-- ENTRIES SHOWN --
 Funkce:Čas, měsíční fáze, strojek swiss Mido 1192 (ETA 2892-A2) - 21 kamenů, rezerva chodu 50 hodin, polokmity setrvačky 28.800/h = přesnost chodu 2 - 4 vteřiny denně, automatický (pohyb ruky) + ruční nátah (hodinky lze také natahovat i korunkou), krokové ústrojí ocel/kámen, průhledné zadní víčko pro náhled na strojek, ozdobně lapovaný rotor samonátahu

* * *

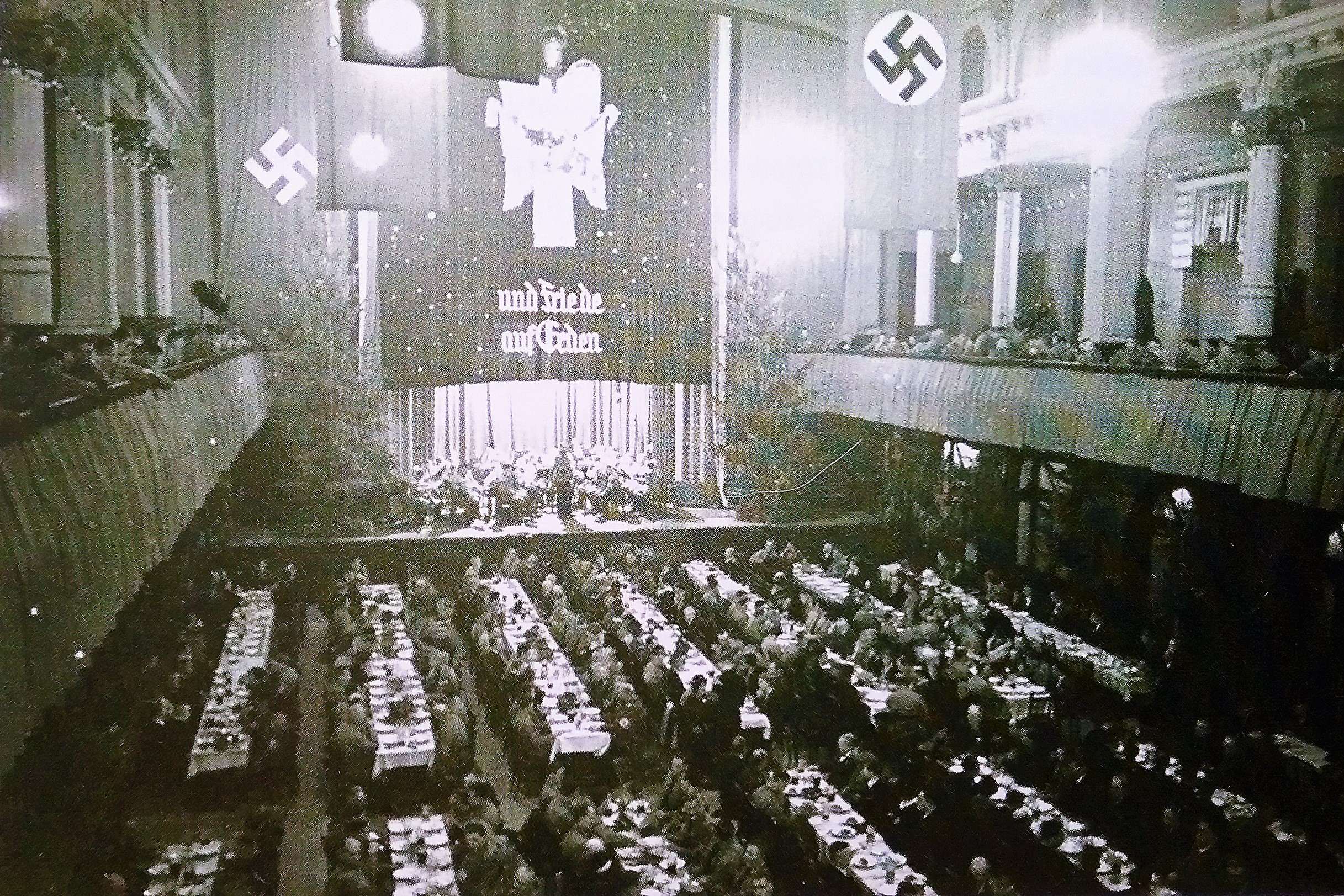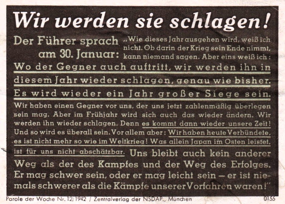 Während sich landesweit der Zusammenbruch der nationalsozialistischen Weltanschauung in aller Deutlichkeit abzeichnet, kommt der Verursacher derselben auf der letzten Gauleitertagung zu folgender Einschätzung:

---

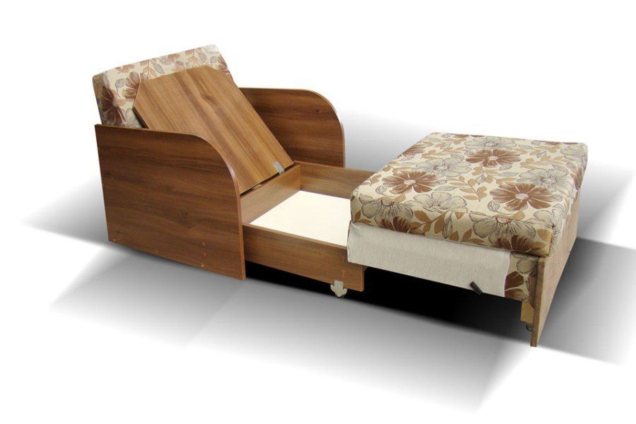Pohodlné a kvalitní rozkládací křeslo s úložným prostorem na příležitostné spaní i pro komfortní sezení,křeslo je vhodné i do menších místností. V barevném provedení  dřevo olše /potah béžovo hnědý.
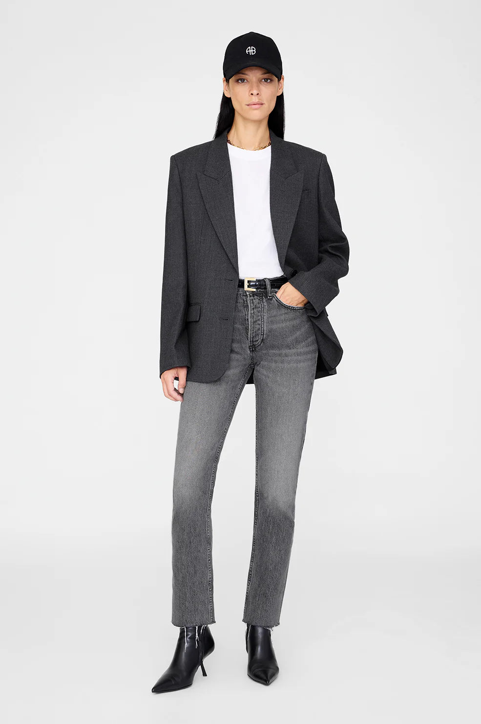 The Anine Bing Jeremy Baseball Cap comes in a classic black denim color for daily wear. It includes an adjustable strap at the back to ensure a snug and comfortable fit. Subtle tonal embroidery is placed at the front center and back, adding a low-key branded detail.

-- DIRECTIONS FOR THIS TASK --
Copy exactly the material above from the line with "Pohodlné a kvalitní" to the line with "The Anine Bing", ends included, and nothing else. Leave out any picture.

-- SOLVED PROBLEM --
Pohodlné a kvalitní rozkládací křeslo s úložným prostorem na příležitostné spaní i pro komfortní sezení,křeslo je vhodné i do menších místností. V barevném provedení  dřevo olše /potah béžovo hnědý.
 The Anine Bing Jeremy Baseball Cap comes in a classic black denim color for daily wear. It includes an adjustable strap at the back to ensure a snug and comfortable fit. Subtle tonal embroidery is placed at the front center and back, adding a low-key branded detail.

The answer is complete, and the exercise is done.